Collected data —
*** Block opens ***
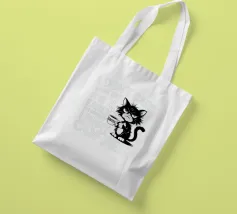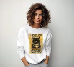 Un gatto brontolone che tiene in mano una tazza di caffè fumante è accompagnato da un testo umoristico che sottolinea il desiderio di caffè a prescindere dall'ora e dal giorno.
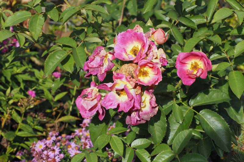 Róża 'Weg der Sinne' w kompozycji z driakwią.
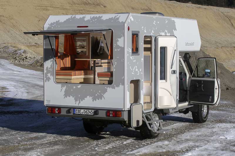 Für ein bimobil typisch ist der solide Möbelbau mit hellem, freundlichem Dekor. Zahlreiche Ablagen, Staufächer sowie Schränke nehmen das Reiseequipment auf, insgesamt verkraftet der EX 280 knapp 400 kg Zuladung. Für Wärme beim Wintercampen in der gut isolierten Kabine sorgt eine Dieselheizung, die autarke Stromversorgung übernimmt eine 130 Ah starke Aufbaubatterie, die gegen Aufpreis über eine Solaranlage auf dem Dach gespeist werden kann. Wie alle Wohnkabinen aus dem Hause Bimobil ist auch der neue Aufbau wahlweise als fest auf dem Chassis montierte oder abnehmbare Einheit bestellbar. Der Toyota HZJ 79 ist dank seiner robusten Konstruktion mit Leiterrahmenchassis und Starrachsen sowie einem 90 Liter großen Serientank vor allem in der Globetrotter-Gemeinde äußerst beliebt. Der 4,2-Liter Sechszylinder-Diesel, der 96 kW/131 PS bei 3.800 U/min leistet und sein Maximaldrehmoment von 285 Nm bei 2.000 Touren generiert, gilt als zuverlässiges Triebwerk. Ebenso wie die Antriebsmechanik mit zuschaltbarem Vorderradantrieb und einer Geländeuntersetzung von 2,295:1. Offroad-Spezialist „Extrem Fahrzeuge GmbH“ im bayrischen Beuron-Hausen bietet zudem ein Vielzahl expeditionstauglichen Zubehörs an – darunter auch einen manuell zuschaltbaren Zusatztank. |
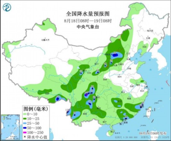 8月18日08时至19日08时,青海东部、宁夏南部、陕西北部、华北中北部、西藏东部、西南地区东部和南部、江南中南部、华南东部等地部分地区有中到大雨,其中,内蒙古西部偏东、山西北部、福建东部、广东东部、四川盆地西南部、贵州西北部、云南东北部和西南部等地部分地区有暴雨或大暴雨(100~140毫米)。内蒙古中部、陕西北部、河北北部等地部分地区有4~5级风。
*** Block closes ***
Exercise details —
Reproduce, exactly and with no pictures, the lines from the line containing "Róża 'Weg der" through the closing line of the data above, keeping both ends.

Completed task —
 Róża 'Weg der Sinne' w kompozycji z driakwią.
 Für ein bimobil typisch ist der solide Möbelbau mit hellem, freundlichem Dekor. Zahlreiche Ablagen, Staufächer sowie Schränke nehmen das Reiseequipment auf, insgesamt verkraftet der EX 280 knapp 400 kg Zuladung. Für Wärme beim Wintercampen in der gut isolierten Kabine sorgt eine Dieselheizung, die autarke Stromversorgung übernimmt eine 130 Ah starke Aufbaubatterie, die gegen Aufpreis über eine Solaranlage auf dem Dach gespeist werden kann. Wie alle Wohnkabinen aus dem Hause Bimobil ist auch der neue Aufbau wahlweise als fest auf dem Chassis montierte oder abnehmbare Einheit bestellbar. Der Toyota HZJ 79 ist dank seiner robusten Konstruktion mit Leiterrahmenchassis und Starrachsen sowie einem 90 Liter großen Serientank vor allem in der Globetrotter-Gemeinde äußerst beliebt. Der 4,2-Liter Sechszylinder-Diesel, der 96 kW/131 PS bei 3.800 U/min leistet und sein Maximaldrehmoment von 285 Nm bei 2.000 Touren generiert, gilt als zuverlässiges Triebwerk. Ebenso wie die Antriebsmechanik mit zuschaltbarem Vorderradantrieb und einer Geländeuntersetzung von 2,295:1. Offroad-Spezialist „Extrem Fahrzeuge GmbH“ im bayrischen Beuron-Hausen bietet zudem ein Vielzahl expeditionstauglichen Zubehörs an – darunter auch einen manuell zuschaltbaren Zusatztank. |
 8月18日08时至19日08时,青海东部、宁夏南部、陕西北部、华北中北部、西藏东部、西南地区东部和南部、江南中南部、华南东部等地部分地区有中到大雨,其中,内蒙古西部偏东、山西北部、福建东部、广东东部、四川盆地西南部、贵州西北部、云南东北部和西南部等地部分地区有暴雨或大暴雨(100~140毫米)。内蒙古中部、陕西北部、河北北部等地部分地区有4~5级风。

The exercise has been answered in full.